August 4, 2014/in Power of Attorney /by gartonandharris

Some residents of British Columbia who might be creating an estate plan may be interested to learn about the enduring powers of attorney. These allow a person to appoint another party to act on his or her behalf while completing certain functions, and this appointment differs from a regular power of attorney because the authority to act continues even if the granter is incapacitated.

In order for a the power of attorney to continue after a person is deemed incapable, certain provisions must be included in the document. These include whether the powers are only transferred if the granter is incapable or if the powers are granted even though he or she can still make decisions for himself or herself. It must also state that the authority is still granted despite the person’s incapacitation. In addition, according to provincial statutes, the document must be signed in the presence of two witnesses.

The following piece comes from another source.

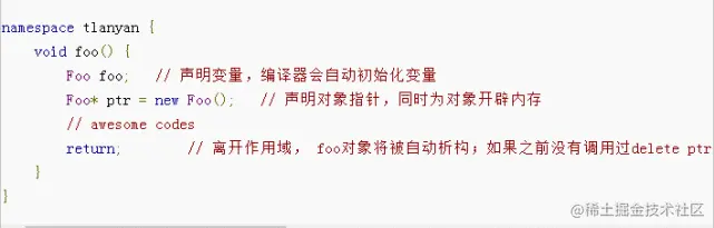 这是由于C++持有对象的方式造成的(或者说C++允许程序员手动控制内存引起)。Java/PHP等带有回收机制的语言,持有对象的方式是通过指针,程序员申请对象后会自动分配内存,系统负责跟踪和回收无用的对象和存在。C++允许开发人员以变量的方式持有对象,例如:Foo foo [= Foo(args)]。变量初始化后获得对象的引用,离开作用域后,系统销毁执行栈,对象自动被析构。C++也可以以指针的形式获得对象的引用: Foo* foo = new Foo(args)。这种方式分配的对象,需要开发人员手动管理。如果不执行delete,对象和分配的内存将一直存在,直到程序退出后,才由操作系统回收。如下代码可说明这点:

In order to authorize an enduring power of attorney, a person must be an adult, which means that he or she is 19 years old or older. That person must also be deemed capable under British Columbia statutes. All adults are deemed capable unless it can be demonstrated that the opposite is true. However, a person’s way of communicating with other parties cannot be used as grounds suggesting incapability.

While some of the basics are discussed in this article, the requirements for making an enforceable enduring power of attorney document are subject to a number of other stipulations outlined in the provincial code, and drafting such documents without retaining the services of a legal professional might be difficult. A lawyer who is familiar with estate planning strategies could help a client develop an enforceable enduring power of attorney and might help draft other documents that outline the client’s wishes.